Выбрать главу

– Том, – прошептала Тюха, – ты теперь всегда будешь таким?

Она протянула руки к упрямой, несдающейся колючке – и проснулась. А после плакала отчаянно и долго, кусая угол подушки, чтобы никто не слышал и не видел этих слёз. Это её личное горе. Другим о нём знать незачем.

К счастью (хотя о счастье тут и говорить было нелепо), Тюха проснулась слишком рано. Все в доме ещё спали, даже маленький Данилка, который часто никому не давал покоя – что вечером, что среди ночи, что в несусветную рань.

Спать Тюхе больше не хотелось. Вставать тоже. Не хотелось идти в школу – школу в новом районе, большую, скучную и злую. Учебный год уже заканчивался, но и это не особо радовало. На лето снимут дачу, чтобы «вывезти детей на свежий воздух». Точнее – на поживу комарам. Если б Данилка был Тюхиным маленьким сыном, она бы ни за что не повезла его на дачу. А главное, на даче будет такая же тоска, как в школе. И даже ещё хуже. Там будут травы и деревья – да, конечно. Но с ними не удастся даже словом перемолвиться. Прошлым летом она это уже установила.

Тюха припомнила, как начиналась её безотрадная жизнь. Родители честно пытались получить жильё в старом районе. Но кончилось тем, что пришлось ехать в Чертаново, оно же Зюзино. Тогда мама впервые заговорила новым тоном: одновременно и сердитым, и оправдывающимся:

– Ты же понимаешь, что другого жилья нам потом никто не даст. А там, в Чертанове, большая светлая квартира. С балконом-лоджией. У тебя будет своя комната…

Своя комната – это действительно большое преимущество. Никто по крайней мере не заметит, что ты плачешь, не будет приставать с расспросами.

Тюха вспомнила, как в первый раз увидела свой новый дом.
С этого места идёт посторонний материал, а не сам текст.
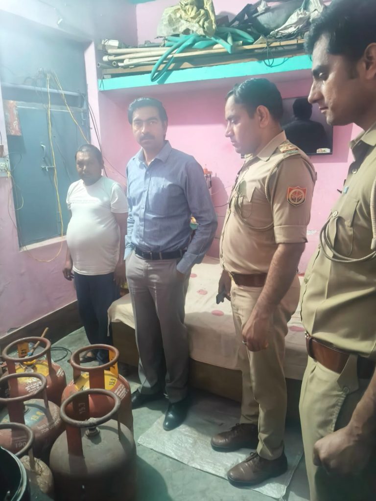 *गौतमबुद्धनगर,प्रभारी जिला पूर्ति अधिकारी स्मृति गौतम ने जानकारी देते हुए बताया कि विगत 4 अप्रैल की शाम लगभग 05:00 बजे आपूर्ति विभाग एवं पुलिस विभाग की संयुक्त टीम द्वारा थाना दादरी क्षेत्रान्तर्गत नत्थू चौक, तुलसी विहार कालोनी स्थित विनय कुमार पुत्र सूरजपाल के मकान पर छापेमारी की गयी। कार्यवाही के दौरान मौके से भारत पेट्रोलियम (बी.पी.सी.एल.) के 02 भरे घरेलू गैस सिलेण्डर (14.2 कि०ग्रा०) क्रमांक-43123एस व 44783, 02 खाली घरेलू सिलेण्डर (14.2 कि०ग्रा०) क्रमांक-576269टी व 134136एस बरामद किए गए तथा इण्डेन (आई.ओ.सी.एल.) के 06 खाली घरेलू गैस सिलेण्डर (14.2 कि०ग्रा०) क्रमांक-61154, 433751एस, 250907एस, 71529टी, 042780टी व 260850 तथा हिन्दुस्तान पेट्रोलियम (एच.पी.सी.एल.) के 03 खाली घरेलू गैस सिलेण्डर (14.2 कि०ग्रा०) क्रमांक-171514टी, 101531एस व 55382 भी मौके से बरामद किए गए। इसके अतिरिक्त एक 05 कि०ग्रा० का छोटा सिलेण्डर (नॉन-आई.एस.आई. मार्का) तथा गैस रिफिलिंग के अवैध कारोबार में प्रयुक्त होने वाले उपकरण, जिनमें एक इलेक्ट्रॉनिक वेइंग मशीन, लोहे एवं पीतल का रिफिलिंग नोजल युक्त मशीन तथा लगभग एक मीटर लंबी रबर पाइप सहित रेगुलेटर शामिल हैं, भी जब्त किए गए।

Возле него не обнаружилось даже двора. Лишь узкая полоска земли под окнами – со временем её освоили жители первого этажа, – асфальтовый тротуар, дорога для машин, а дальше – всё. Обрыв в совершенно марсианский котлован, в котором высились горы песка. Там собирались строить другой гигантский дом. Такие же дома росли почти до горизонта. За ними, где-то очень далеко, виднелась тёмная полоска леса. Но до него было примерно как от Марса до Земли. А в их асфальтовой пустыне тем летом не нашлось и подорожника.

Новая школа встретила Тюху враждебно. Мало того, что в классе все давно друг друга знали и у каждого был свой круг друзей-приятелей. Мало и того, что про английский тут можно было забыть. Его лишь начинали учить в пятом классе, да так, что и читать-то не научишься, не то что говорить. Другие уроки тоже оказались совсем неинтересными. Даже ботаника. А главное, новеньких в этой школе считали правильным травить, высмеивать и обижать. Тюхе досталось и за её английское произношение, и за то, что она по неведению всё время нарушала какие-то неписаные правила, которым в классе придавали огромное значение.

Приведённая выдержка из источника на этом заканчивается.